* Work task *
Everything from the line with "الْفَائِدَةُ الخَامِسَةُ: أن" down to the line with "De acuerdo con" below must be printed exactly, those two lines included. Exclude pictures.

[Data for the task]

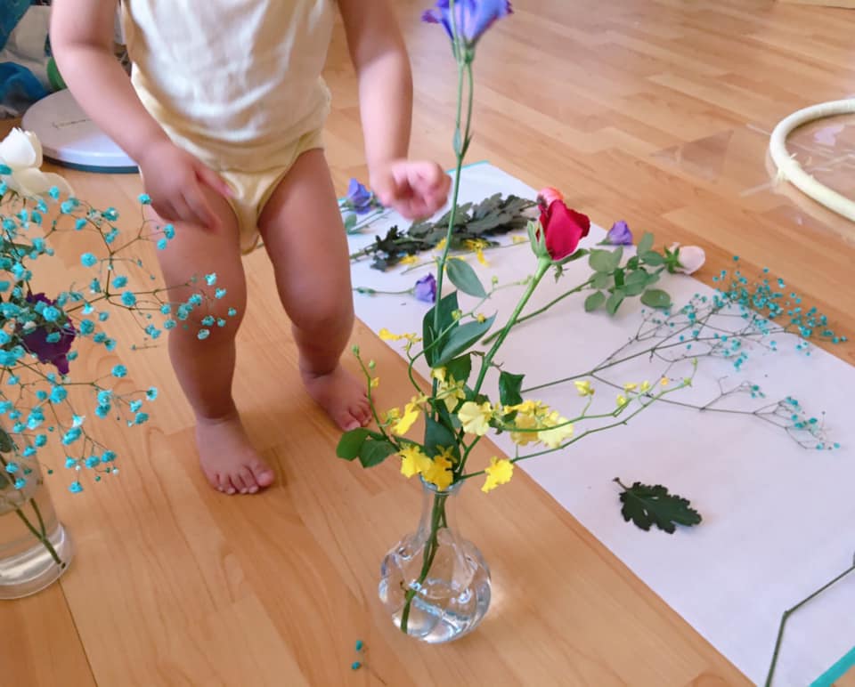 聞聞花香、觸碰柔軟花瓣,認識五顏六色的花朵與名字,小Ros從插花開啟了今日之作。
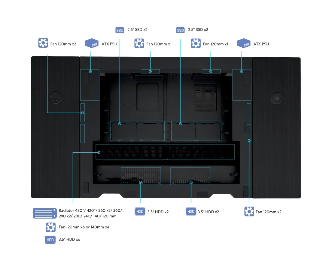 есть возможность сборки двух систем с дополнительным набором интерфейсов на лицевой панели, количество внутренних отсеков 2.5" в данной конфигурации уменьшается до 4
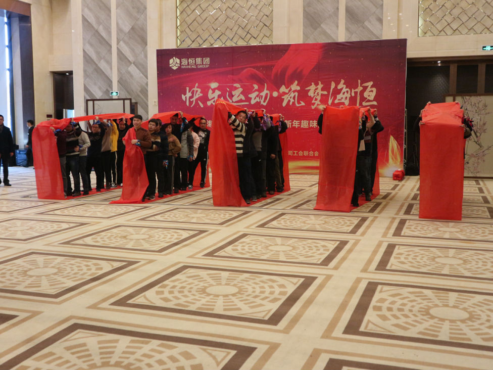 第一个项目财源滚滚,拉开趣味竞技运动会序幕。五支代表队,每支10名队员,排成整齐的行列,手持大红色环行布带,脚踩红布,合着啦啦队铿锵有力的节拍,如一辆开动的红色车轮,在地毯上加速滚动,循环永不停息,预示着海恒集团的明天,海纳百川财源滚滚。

[/Data for the task]
[Data for the task]

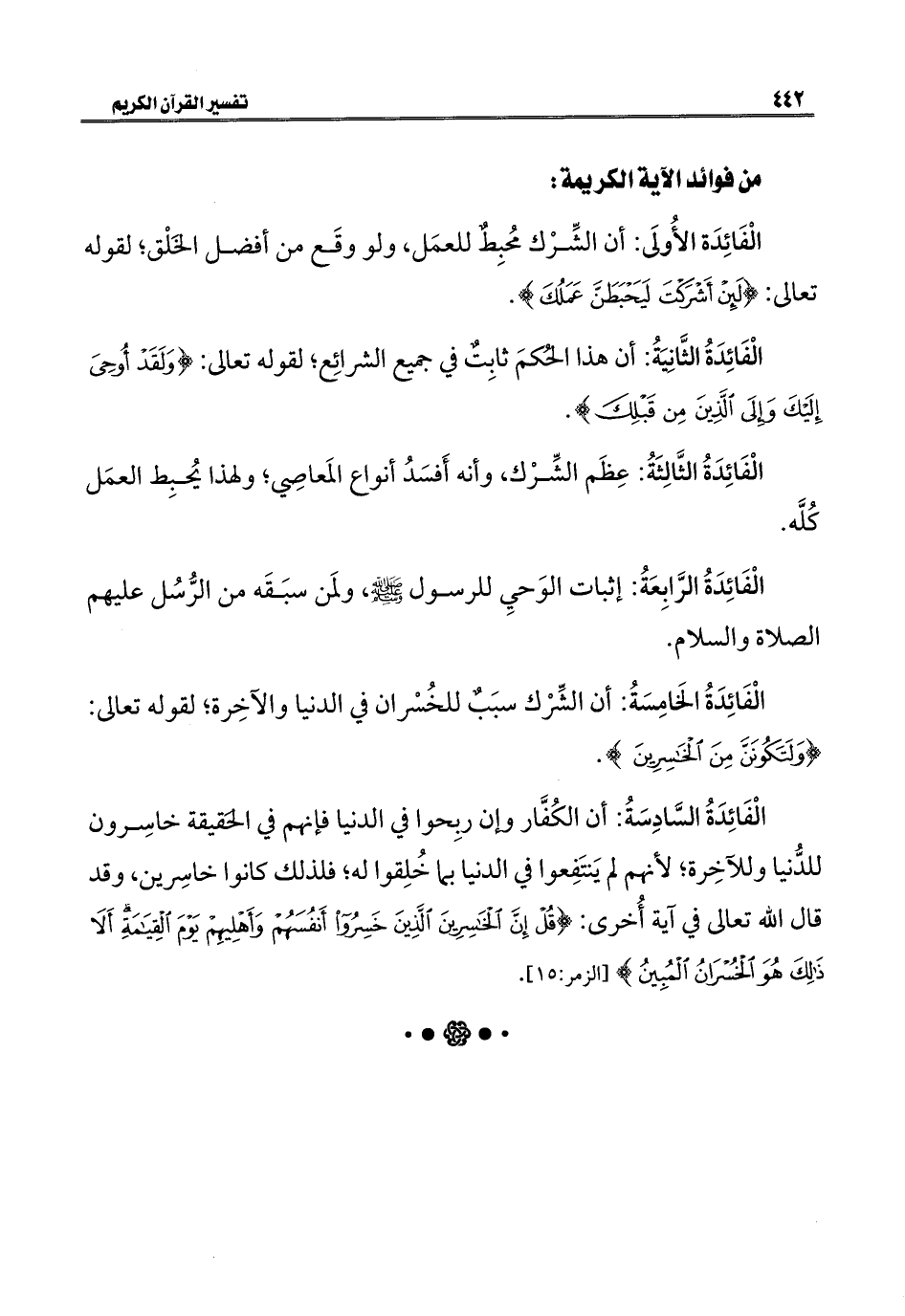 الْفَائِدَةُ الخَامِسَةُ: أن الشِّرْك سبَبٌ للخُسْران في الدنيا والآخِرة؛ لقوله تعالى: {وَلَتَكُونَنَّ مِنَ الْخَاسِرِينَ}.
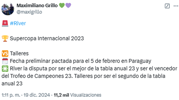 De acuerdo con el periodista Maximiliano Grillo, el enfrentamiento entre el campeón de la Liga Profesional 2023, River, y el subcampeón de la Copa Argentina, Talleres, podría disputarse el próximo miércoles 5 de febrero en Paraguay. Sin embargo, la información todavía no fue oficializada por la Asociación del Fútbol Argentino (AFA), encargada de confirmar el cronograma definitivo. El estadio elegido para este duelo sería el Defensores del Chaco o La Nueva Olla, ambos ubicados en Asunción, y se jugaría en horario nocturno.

[/Data for the task]

* Task solution *
 الْفَائِدَةُ الخَامِسَةُ: أن الشِّرْك سبَبٌ للخُسْران في الدنيا والآخِرة؛ لقوله تعالى: {وَلَتَكُونَنَّ مِنَ الْخَاسِرِينَ}.
 De acuerdo con el periodista Maximiliano Grillo, el enfrentamiento entre el campeón de la Liga Profesional 2023, River, y el subcampeón de la Copa Argentina, Talleres, podría disputarse el próximo miércoles 5 de febrero en Paraguay. Sin embargo, la información todavía no fue oficializada por la Asociación del Fútbol Argentino (AFA), encargada de confirmar el cronograma definitivo. El estadio elegido para este duelo sería el Defensores del Chaco o La Nueva Olla, ambos ubicados en Asunción, y se jugaría en horario nocturno.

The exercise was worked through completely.